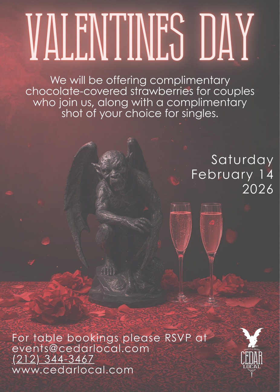 We will be offering complimentary chocolate-covered strawberries for couples who join us, along with a complimentary shot of your choice for singles.
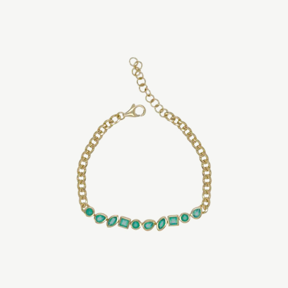 Experience the natural beauty of our Multi-Shape Green Agate Bracelet. Crafted with 10 stunning stones in various shapes, each bracelet is a unique and stylish addition to your outfit. Made with love and 14k yellow gold, this bracelet is sure to add a touch of elegance to any look.
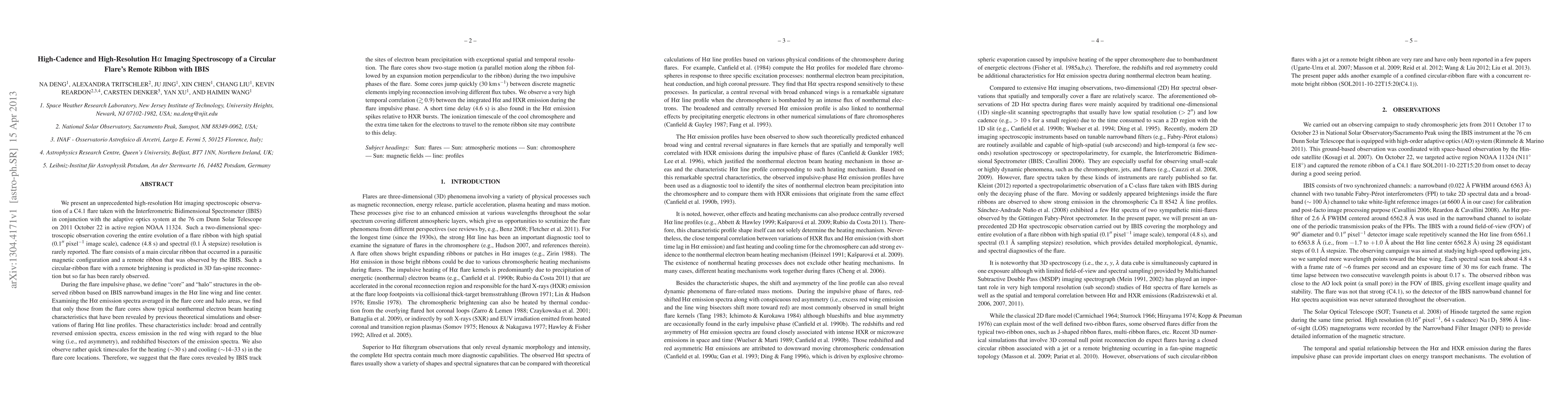 We present an unprecedented high-resolution \ha\ imaging spectroscopic observation of a C4.1 flare taken with IBIS on 2011 October 22. The flare consists of a main circular ribbon that occurred in a parasitic magnetic configuration and a remote ribbon that was observed by the IBIS. Such a circular-ribbon flare with a remote brightening is predicted in 3D fan-spine reconnection but so far has been rarely observed. During the flare impulsive phase, we define "core" and "halo" structures in the observed ribbon. Examining the \ha\ emission spectra averaged in the flare core and halo areas, we find that only those from the flare cores show typical nonthermal electron beam heating characteristics. These characteristics include: broad and centrally reversed emission spectra, excess emission in the red wing with regard to the blue wing (i.e., red asymmetry), and redshifted bisectors of the emission spectra. We also observe rather quick timescales for the heating (30 s) and cooling (14--33 s) in the flare core locations. Therefore, we suggest that the flare cores revealed by IBIS track the sites of electron beam precipitation with exceptional spatial and temporal resolution. The flare cores show two-stage motion (a parallel motion along the ribbon followed by an expansion motion perpendicular to the ribbon) during the two impulsive phases of the flare. Some cores jump quickly (30 \kms) between discrete magnetic elements implying reconnection involving different flux tubes. We observe a very high temporal correlation ($\gtrsim0.9$) between the integrated \ha\ and HXR emission during the flare impulsive phase. A short time delay (4.6 s) is also found in the \ha\ emission spikes relative to HXR bursts. The ionization timescale of the cool chromosphere and the extra time taken for the electrons to travel to the remote ribbon site may contribute to this delay.
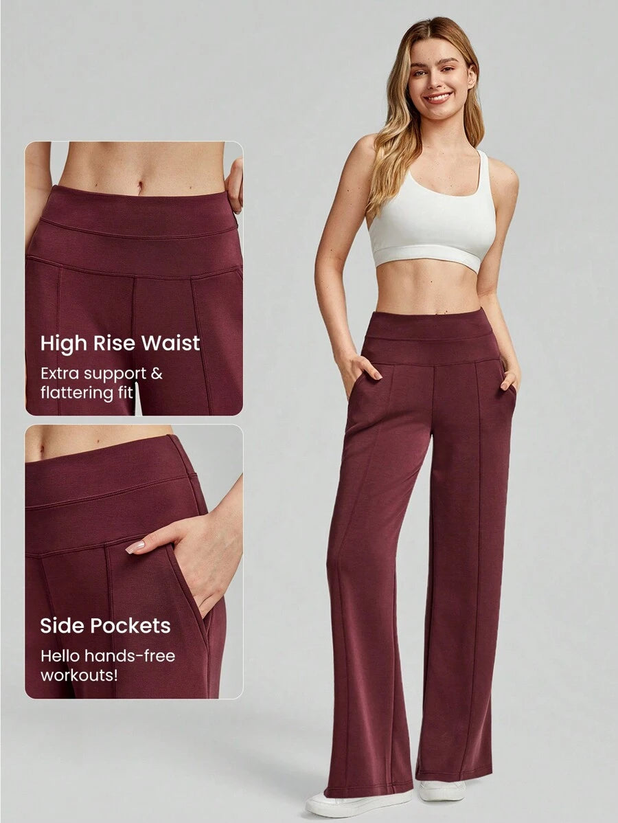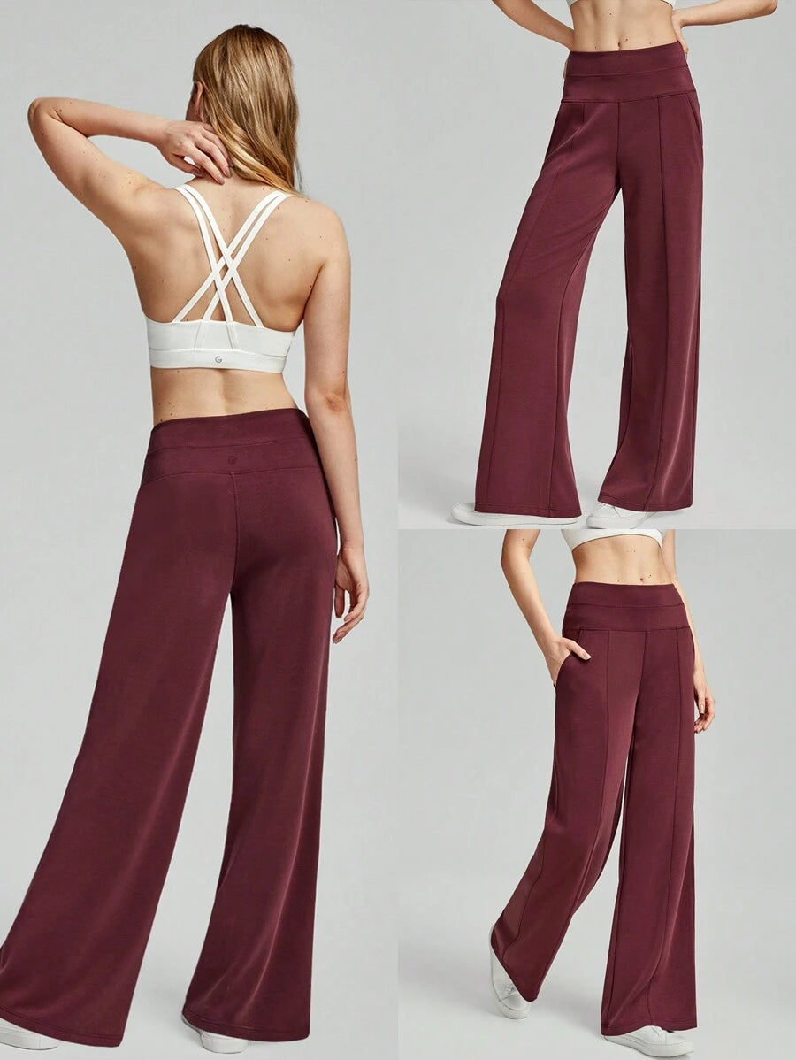 بنطال GLOWMODE واسع عالي الخصر بملمس حريري – بجيوب جانبية
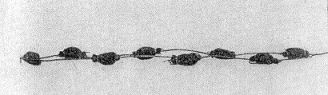 41. Es sind 120 mm breite Beutel aus Haarkörperschlauch, die mit Nz.Man. N.P. (1,5 x 1,5) und Ocker gefüllt und auf Zeitzündschnur 30 gereiht sind. An einem Zündschnurende befindet sich der Zündschnuranzünder 29 (Bild 12).
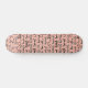 Ce skateboard a une variété de différentes lunettes et lunettes cadres en noir et blanc sur un rose pâle.
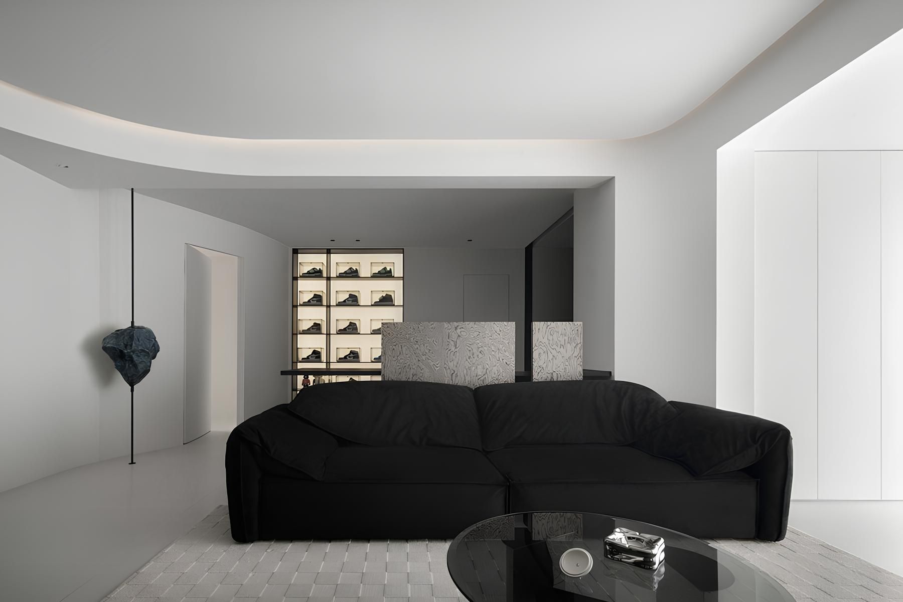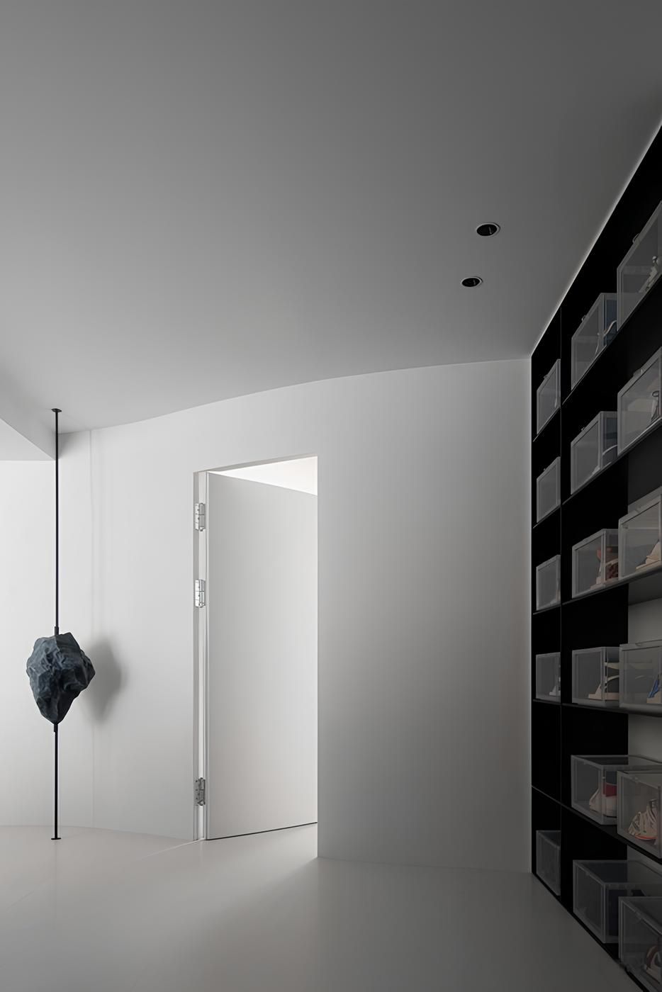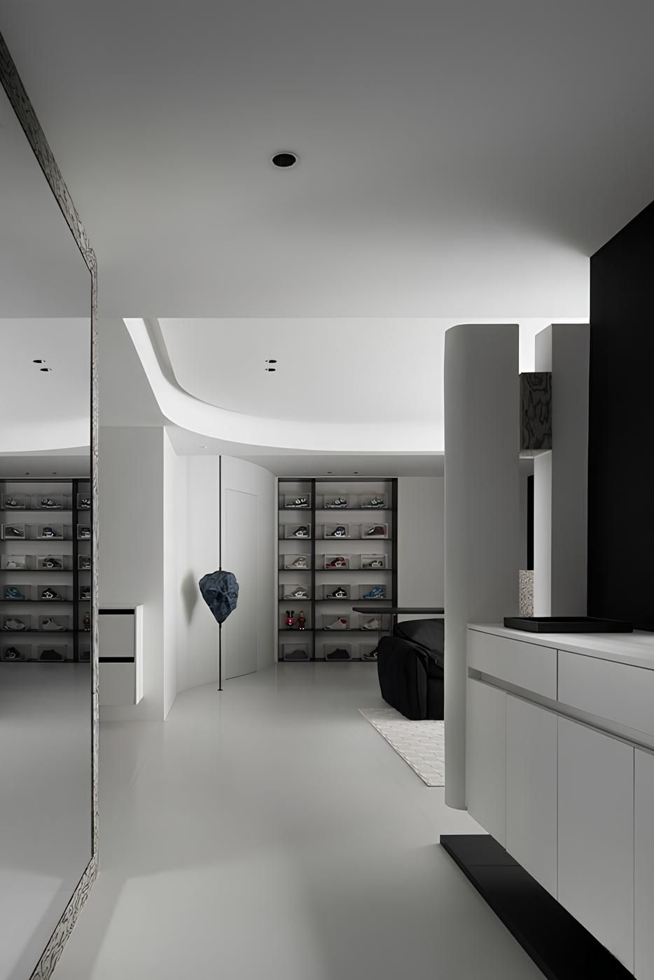 以純粹的白色調為主,搭配流暢的弧線設計,創造出開闊且富有雕塑感的視覺效果。開放式的鞋櫃展示了收藏品味,結合簡約的收納與展示功能,整體呈現出乾淨、明亮且充滿個性的現代居家美學。
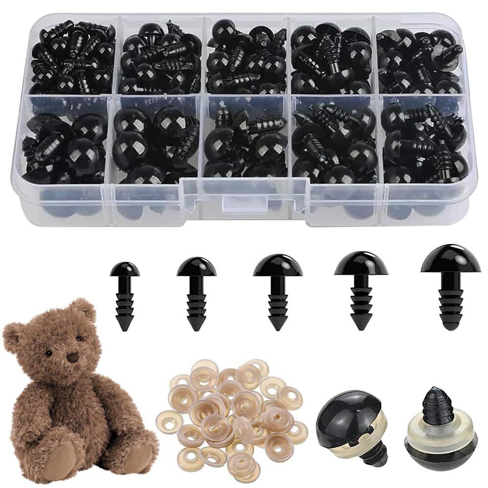 【2022最新】ぬいぐるみ目 人形の目 丸型 目玉 約100個入りドールアイ ぬいぐるみ 黒目 動物 人形 おもちゃ 手芸パーツ 手作り DIY 縫製 パーツ 材料 5サイズ(6mm/8mm/9mm/10mm/12mm)ワッシャー付き ブラック | gsmshop
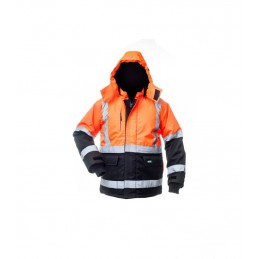 High visibility jacket with extended back, made of Softshell fabric, which is waterproof, windproof, breathable and extremely comfortable. Heated inner back. Removable and adjustable hood. In the front, the jacket closes with a zipper up to the top of the collar. The jacket has an inside pocket, an outside chest pocket and two waist pockets with zippers....
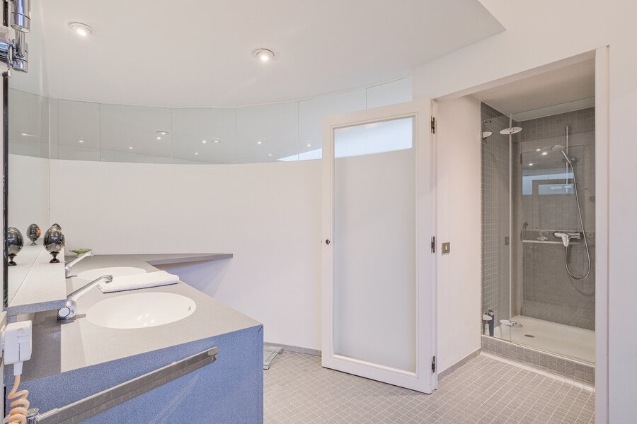 Op de eerste verdieping: Overloop, hoofdslaapkamer van circa 23 m² met een en-suite badkamer van 15 m² en een terras van circa 15 m² op het zuidwesten, drie extra slaapkamers van circa 18 m², 15 m² en 14 m², een terras van circa 12 m² op het oosten en twee extra badkamers.
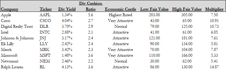 Image Shown: A look at some of the top dividend growth stocks to consider, companies with strong Dividend Cushion ratios and nice payout growth trajectories, in light of ongoing turbulence in equity markets. The ‘Multiplier’ column multiplies a company’s dividend yield by its Dividend Cushion ratio.
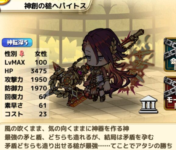 強力なデバフと火力がウリのオオタケマルと補助が得意なヘパイトスでは比べることはできませんが、属性が限定されるステージとかもあるので、できれば炎と風属性は避けてほしかったですね(´ω`)
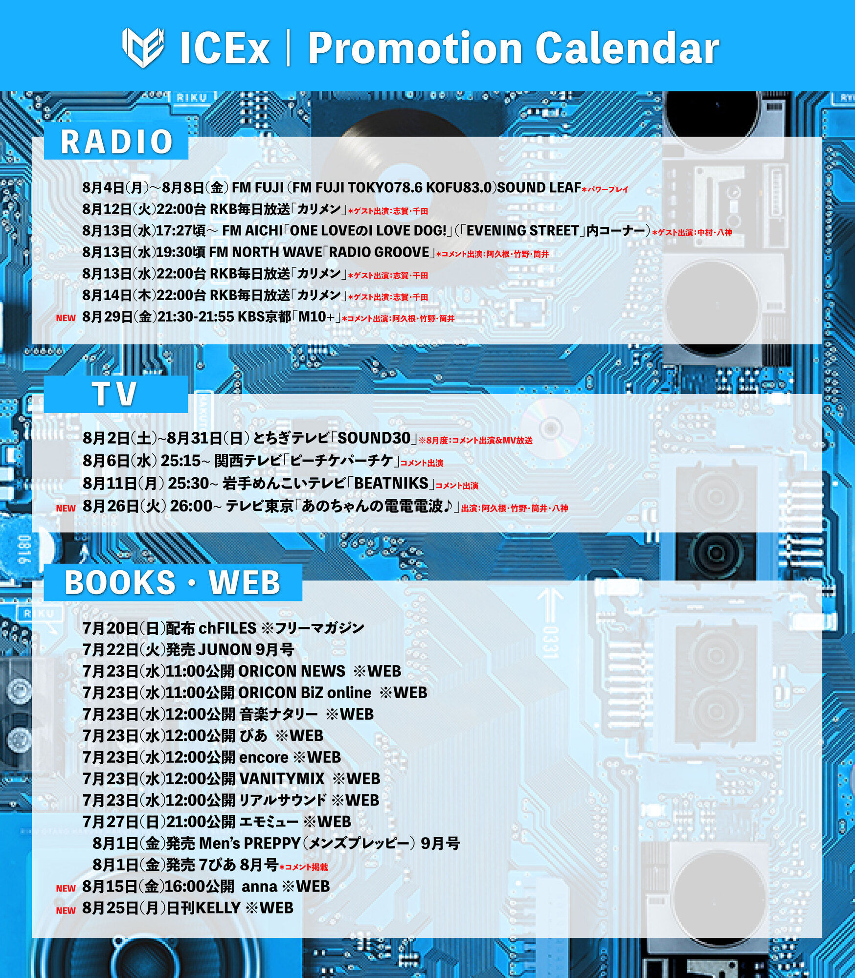 『ICExの週末クールダウン』でおなじみのFM FUJIにて、ICEx「インストール」が8/4(月)~8/8(金)までパワープレイされます。ぜひお聞きください!
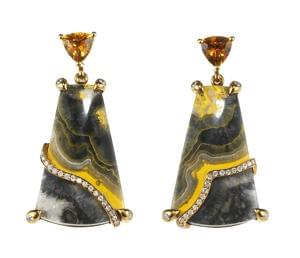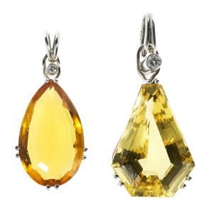 L'un serti d'une citrine taille poire (env. 10 ct) rehaussée d'u...
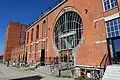 Ce bâtiment industriel en brique rouge d'une longueur d'environ 170 m vaut surtout par son entrée monumentale représentée par une immense rosace en arc outrepassé ornée de vitraux bicolores. Cet arc outrepassé est entouré par une frise représentant un rameau végétal parsemé de fèves de cacao et menant à un écureuil, emblème de la marque Rosmeulen. Cette frise forme un arc brisé.
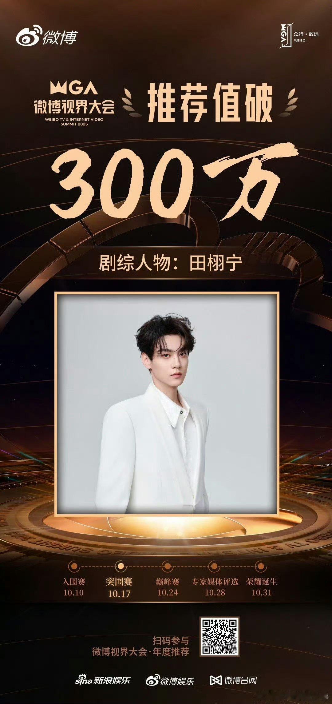 田栩宁视界大会推荐值破300万300万推荐值到手!田栩宁的吸引力也太能打了,不

▸ REQUIREMENT: From the data above, return exactly the lines from the one with "High visibility jacket" up to and including the one with "L'un serti d'une". Pictures do not go in the copy.

▸ FINISHED EXERCISE:
 High visibility jacket with extended back, made of Softshell fabric, which is waterproof, windproof, breathable and extremely comfortable. Heated inner back. Removable and adjustable hood. In the front, the jacket closes with a zipper up to the top of the collar. The jacket has an inside pocket, an outside chest pocket and two waist pockets with zippers....
 Op de eerste verdieping: Overloop, hoofdslaapkamer van circa 23 m² met een en-suite badkamer van 15 m² en een terras van circa 15 m² op het zuidwesten, drie extra slaapkamers van circa 18 m², 15 m² en 14 m², een terras van circa 12 m² op het oosten en twee extra badkamers.
 Image Shown: A look at some of the top dividend growth stocks to consider, companies with strong Dividend Cushion ratios and nice payout growth trajectories, in light of ongoing turbulence in equity markets. The ‘Multiplier’ column multiplies a company’s dividend yield by its Dividend Cushion ratio.
 強力なデバフと火力がウリのオオタケマルと補助が得意なヘパイトスでは比べることはできませんが、属性が限定されるステージとかもあるので、できれば炎と風属性は避けてほしかったですね(´ω`)
 『ICExの週末クールダウン』でおなじみのFM FUJIにて、ICEx「インストール」が8/4(月)~8/8(金)までパワープレイされます。ぜひお聞きください!
 L'un serti d'une citrine taille poire (env. 10 ct) rehaussée d'u...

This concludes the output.